TASK INSTRUCTIONS => Repeat the records below verbatim and include no pictures.

DATA PROVIDED below:

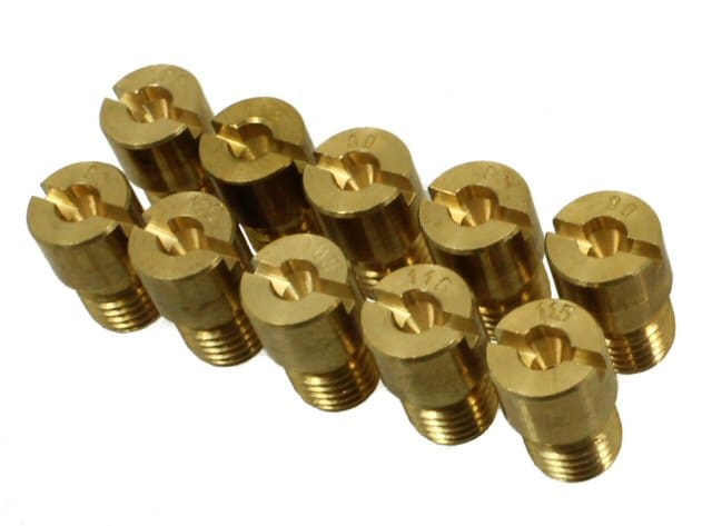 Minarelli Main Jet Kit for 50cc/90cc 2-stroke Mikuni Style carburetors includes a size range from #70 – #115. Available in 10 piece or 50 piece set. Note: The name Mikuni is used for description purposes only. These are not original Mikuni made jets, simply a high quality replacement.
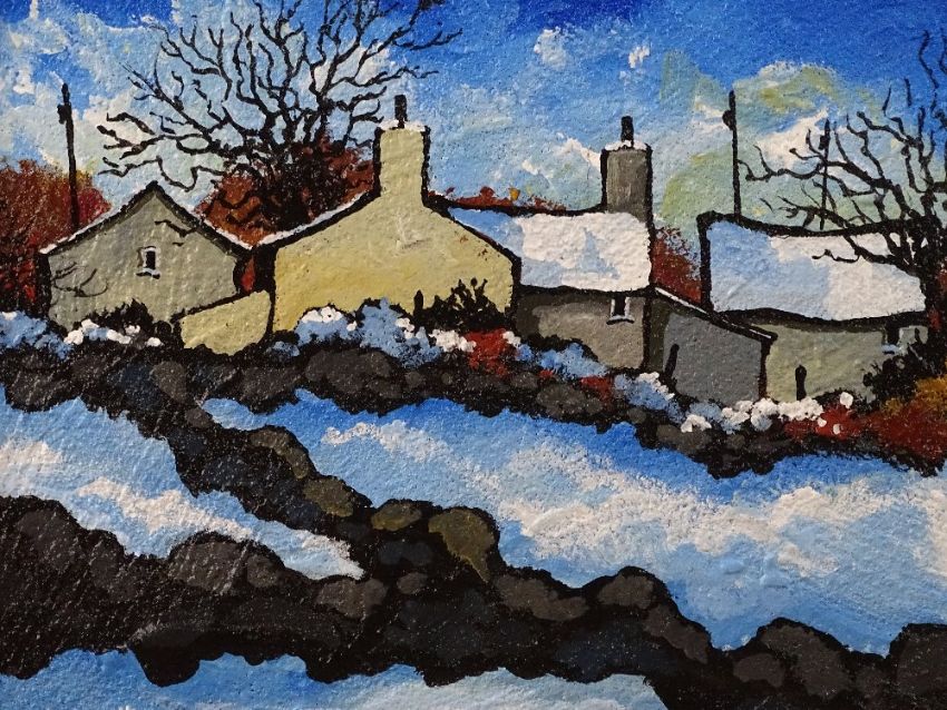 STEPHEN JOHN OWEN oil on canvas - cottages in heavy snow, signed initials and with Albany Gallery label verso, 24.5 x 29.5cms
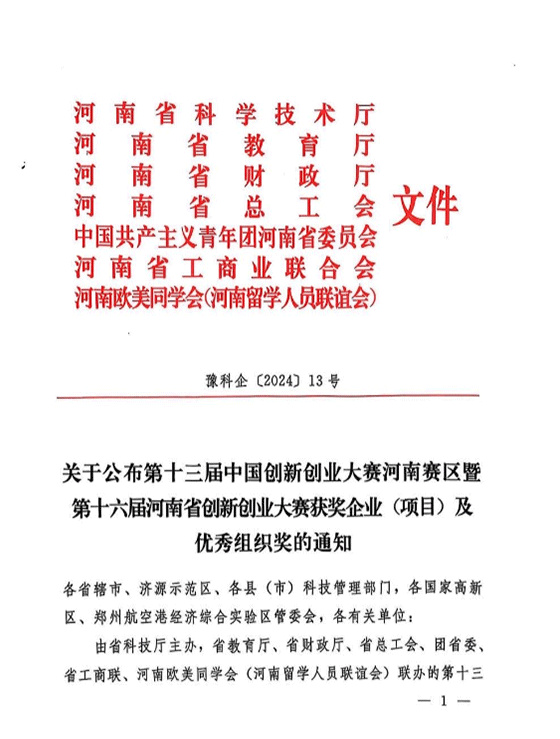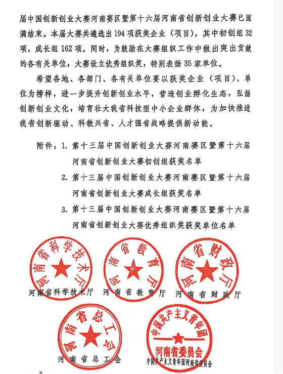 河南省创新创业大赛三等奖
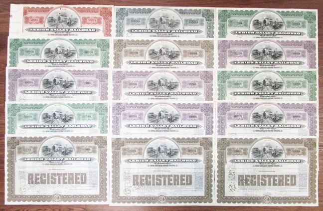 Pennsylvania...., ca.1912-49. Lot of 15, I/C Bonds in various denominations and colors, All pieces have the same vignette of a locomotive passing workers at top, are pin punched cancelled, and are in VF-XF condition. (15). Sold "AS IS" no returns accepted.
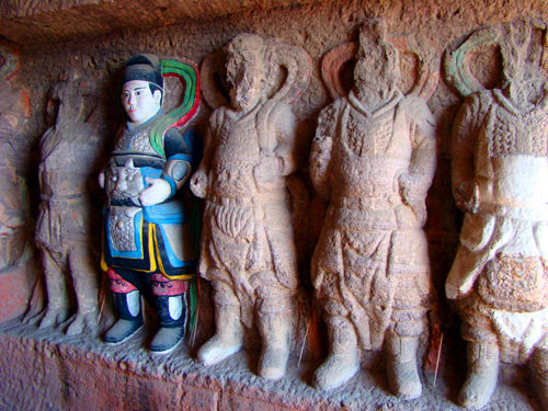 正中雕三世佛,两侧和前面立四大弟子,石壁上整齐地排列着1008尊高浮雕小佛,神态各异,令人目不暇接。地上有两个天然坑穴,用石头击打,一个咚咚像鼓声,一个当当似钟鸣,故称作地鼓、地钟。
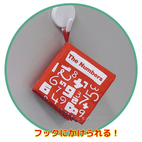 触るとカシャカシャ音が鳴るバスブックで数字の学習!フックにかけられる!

End of DATA PROVIDED.

RESPONSE BOX =>
 Minarelli Main Jet Kit for 50cc/90cc 2-stroke Mikuni Style carburetors includes a size range from #70 – #115. Available in 10 piece or 50 piece set. Note: The name Mikuni is used for description purposes only. These are not original Mikuni made jets, simply a high quality replacement.
 STEPHEN JOHN OWEN oil on canvas - cottages in heavy snow, signed initials and with Albany Gallery label verso, 24.5 x 29.5cms
 河南省创新创业大赛三等奖
 Pennsylvania...., ca.1912-49. Lot of 15, I/C Bonds in various denominations and colors, All pieces have the same vignette of a locomotive passing workers at top, are pin punched cancelled, and are in VF-XF condition. (15). Sold "AS IS" no returns accepted.
 正中雕三世佛,两侧和前面立四大弟子,石壁上整齐地排列着1008尊高浮雕小佛,神态各异,令人目不暇接。地上有两个天然坑穴,用石头击打,一个咚咚像鼓声,一个当当似钟鸣,故称作地鼓、地钟。
 触るとカシャカシャ音が鳴るバスブックで数字の学習!フックにかけられる!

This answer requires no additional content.